On the Continent Milton enjoyed a wider reputation, on account of his controversy with the great European scholar, Salmasius, on the sufficiently important and interesting, and then novel, subject of the execution of Charles I. Was it justifiable? Salmasius, a scholar and a Protestant, though of an easy-going description, was employed, or rather, as he had no wages (Milton's hundred Jacobuses being fictitious), nominated by Charles, afterwards the Second, to indict the regicides at the bar of European opinion, which accordingly he did in the Latin language. The work reached this

country in the autumn of 1649, and it evidently became the duty of somebody to answer it. Two qualifications were necessary

the replier must be able to read Latin, and to write it after a manner which should escape the ridicule of the scholars of Leyden, Geneva, and Paris. Milton occurred to somebody's mind, and the task was entrusted to him.

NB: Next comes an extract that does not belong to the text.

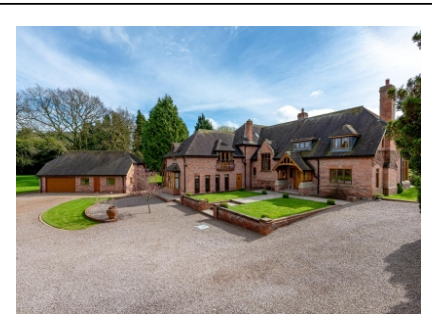
Meadowcroft, Pitchcroft Lane, Chetwynd Aston, Newport

It is not to be supposed that Cromwell was ever at the pains to read Salmasius for himself, but still it would not

jave done to have it said that the Defensio Regia of so celebrated a scholar as Salmasius remained unanswered, and so the appointment was confirmed, and Milton, no new hand at a pamphlet, set to work. In March 1651 his first Defence of the English People was in print. In this great pamphlet Milton asserts, as against the doctrine of the divine right of kings, the undisputed sovereignty of the people; and he maintains the proposition that, as well by the law of God, as by the law of nations, and the law of England, a king of England may be brought to trial and death, the people being discharged from all obligations of loyalty when a lawful prince becomes a tyrant, or gives himself over to sloth and voluptuousness. This noble argument, alike worthy of the man and the occasion, is doubtless overclouded and disfigured by personal abuse of Salmasius, whose relations with his wife had surely as little to do with the head of Charles I. as had poor Mr. Dick's memorial. Salmasius, it appears, was henpecked, and to allow yourself to be henpecked was, in Milton's opinion, a high crime and misdemeanour against humanity,

and one which rendered a man infamous, and disqualified him from taking part in debate.

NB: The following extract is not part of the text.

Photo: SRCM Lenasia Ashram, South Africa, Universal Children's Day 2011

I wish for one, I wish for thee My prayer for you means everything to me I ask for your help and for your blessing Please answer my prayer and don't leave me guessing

It has always been reported that Salmasius, who was getting on in years, and had many things to trouble him besides his own wife, perished in the effort of writing a reply to Milton, in which he made use of language quite as bad as any of his opponent's; but it now appears that this is not so. Indeed, it is generally rash to attribute a man's death to a pamphlet, or an article, either of his own or anybody else's.

Salmasius, however, died, though from natural causes, and his reply was not published till after the Restoration, when the question had become, what it has ever since remained, academical.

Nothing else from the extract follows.